▶ **DATASET CONTENT**

#####

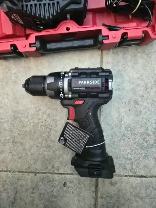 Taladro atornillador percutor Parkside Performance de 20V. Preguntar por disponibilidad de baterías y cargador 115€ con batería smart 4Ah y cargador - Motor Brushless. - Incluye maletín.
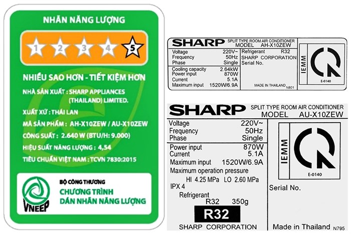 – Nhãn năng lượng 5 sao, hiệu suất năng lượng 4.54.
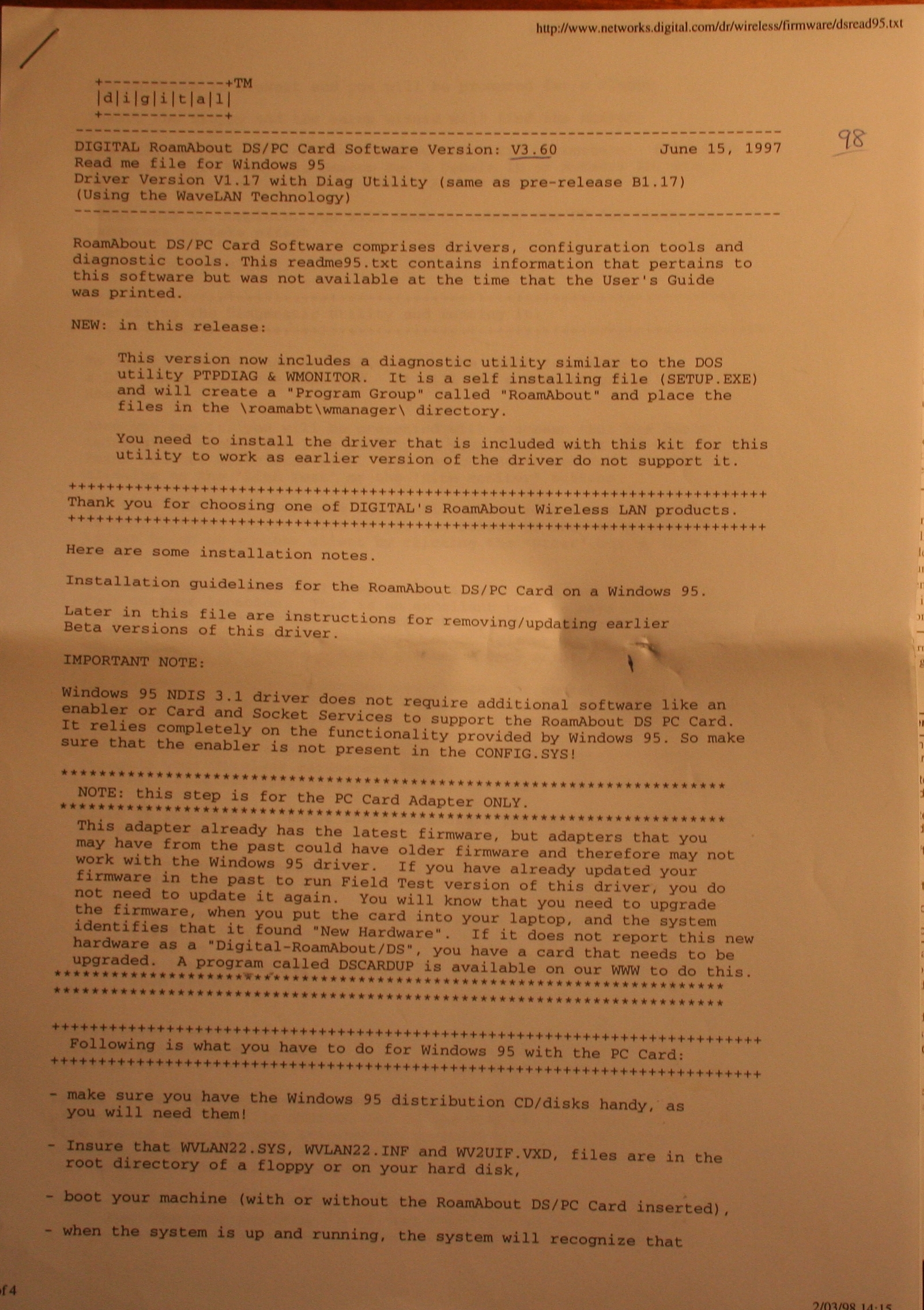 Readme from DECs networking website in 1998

#####

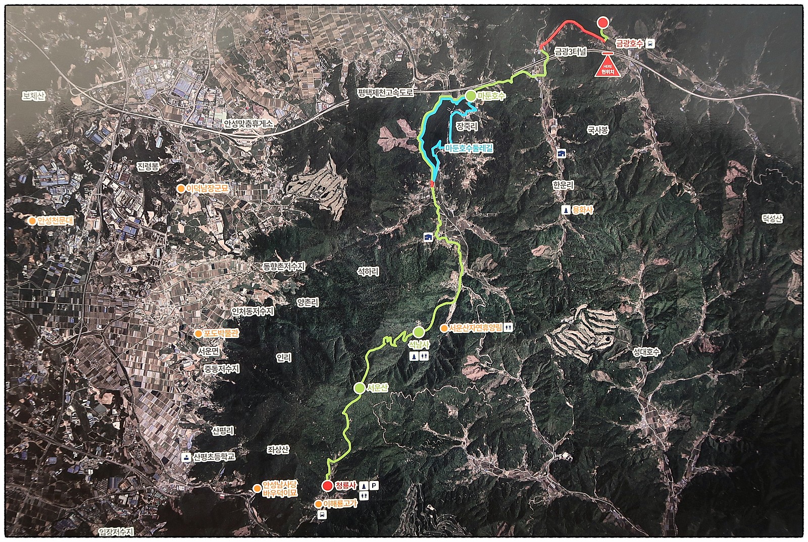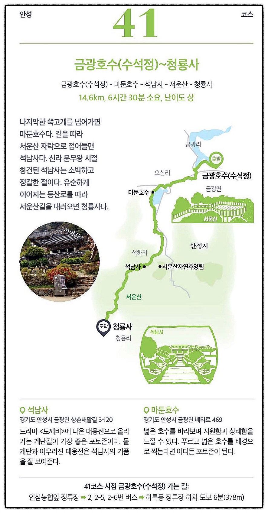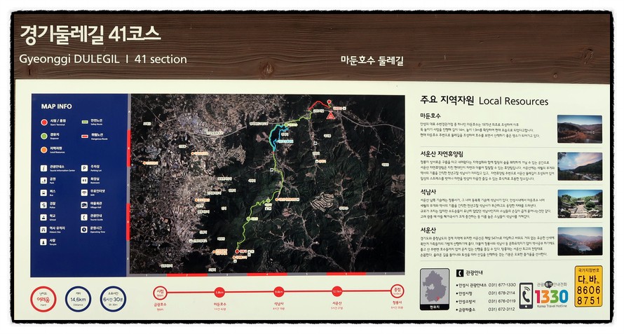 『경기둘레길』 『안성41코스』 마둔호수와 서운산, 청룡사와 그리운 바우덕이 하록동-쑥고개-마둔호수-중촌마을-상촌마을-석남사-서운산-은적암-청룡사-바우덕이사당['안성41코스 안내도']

#####

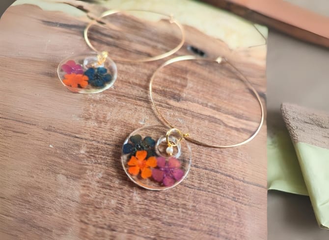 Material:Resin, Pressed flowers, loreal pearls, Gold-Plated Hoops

#####

▶ **TASK TO COMPLETE**
Among the records above, locate the line containing "Taladro atornillador percutor" and the line containing "Readme from DECs networking website in 1998", then transcribe exactly the lines starting at the first and ending at the second, with no pictures.

▶ **EXERCISE OUTPUT**
 Taladro atornillador percutor Parkside Performance de 20V. Preguntar por disponibilidad de baterías y cargador 115€ con batería smart 4Ah y cargador - Motor Brushless. - Incluye maletín.
 – Nhãn năng lượng 5 sao, hiệu suất năng lượng 4.54.
 Readme from DECs networking website in 1998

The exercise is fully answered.